§ What the task asks:
Take the entries below and print only the lines from the one with "灯光舒缓的196㎡私人住宿/" through the one with "从细胞的微观结构到生态的宏观", exactly as they stand, both ends included.

§ Data for review:
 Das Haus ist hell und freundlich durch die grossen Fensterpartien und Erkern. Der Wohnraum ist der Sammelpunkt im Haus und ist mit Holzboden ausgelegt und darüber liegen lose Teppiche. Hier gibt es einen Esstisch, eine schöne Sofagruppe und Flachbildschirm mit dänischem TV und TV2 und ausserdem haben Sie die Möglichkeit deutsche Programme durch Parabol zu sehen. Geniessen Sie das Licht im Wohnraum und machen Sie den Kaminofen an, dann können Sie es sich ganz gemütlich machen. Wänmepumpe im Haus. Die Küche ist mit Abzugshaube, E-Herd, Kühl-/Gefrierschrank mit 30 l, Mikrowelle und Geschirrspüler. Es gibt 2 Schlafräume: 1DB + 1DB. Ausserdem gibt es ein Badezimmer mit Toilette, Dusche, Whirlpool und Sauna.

...

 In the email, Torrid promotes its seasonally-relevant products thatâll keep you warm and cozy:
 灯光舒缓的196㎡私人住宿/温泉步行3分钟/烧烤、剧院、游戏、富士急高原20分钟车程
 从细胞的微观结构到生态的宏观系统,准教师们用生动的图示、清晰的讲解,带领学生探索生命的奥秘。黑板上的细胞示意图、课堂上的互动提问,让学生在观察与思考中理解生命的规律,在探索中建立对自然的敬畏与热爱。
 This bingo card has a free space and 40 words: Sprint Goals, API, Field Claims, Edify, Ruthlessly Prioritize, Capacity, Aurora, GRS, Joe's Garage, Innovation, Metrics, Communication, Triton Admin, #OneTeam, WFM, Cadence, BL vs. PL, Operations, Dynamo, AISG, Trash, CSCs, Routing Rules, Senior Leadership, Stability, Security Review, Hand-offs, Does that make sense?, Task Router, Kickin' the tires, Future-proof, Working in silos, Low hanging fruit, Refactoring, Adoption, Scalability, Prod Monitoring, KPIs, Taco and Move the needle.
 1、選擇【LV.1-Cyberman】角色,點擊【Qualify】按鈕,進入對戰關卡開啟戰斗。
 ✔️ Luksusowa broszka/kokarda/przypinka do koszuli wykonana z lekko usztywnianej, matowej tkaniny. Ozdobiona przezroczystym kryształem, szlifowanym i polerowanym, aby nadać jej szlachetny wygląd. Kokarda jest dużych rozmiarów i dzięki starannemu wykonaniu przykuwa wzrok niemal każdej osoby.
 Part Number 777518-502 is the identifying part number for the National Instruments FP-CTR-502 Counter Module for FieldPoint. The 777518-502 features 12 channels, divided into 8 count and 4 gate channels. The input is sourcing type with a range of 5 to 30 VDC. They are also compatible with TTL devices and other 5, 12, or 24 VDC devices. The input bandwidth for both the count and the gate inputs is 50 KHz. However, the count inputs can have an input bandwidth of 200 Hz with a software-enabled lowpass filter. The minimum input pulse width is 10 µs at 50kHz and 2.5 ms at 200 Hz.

§ Your response:
 灯光舒缓的196㎡私人住宿/温泉步行3分钟/烧烤、剧院、游戏、富士急高原20分钟车程
 从细胞的微观结构到生态的宏观系统,准教师们用生动的图示、清晰的讲解,带领学生探索生命的奥秘。黑板上的细胞示意图、课堂上的互动提问,让学生在观察与思考中理解生命的规律,在探索中建立对自然的敬畏与热爱。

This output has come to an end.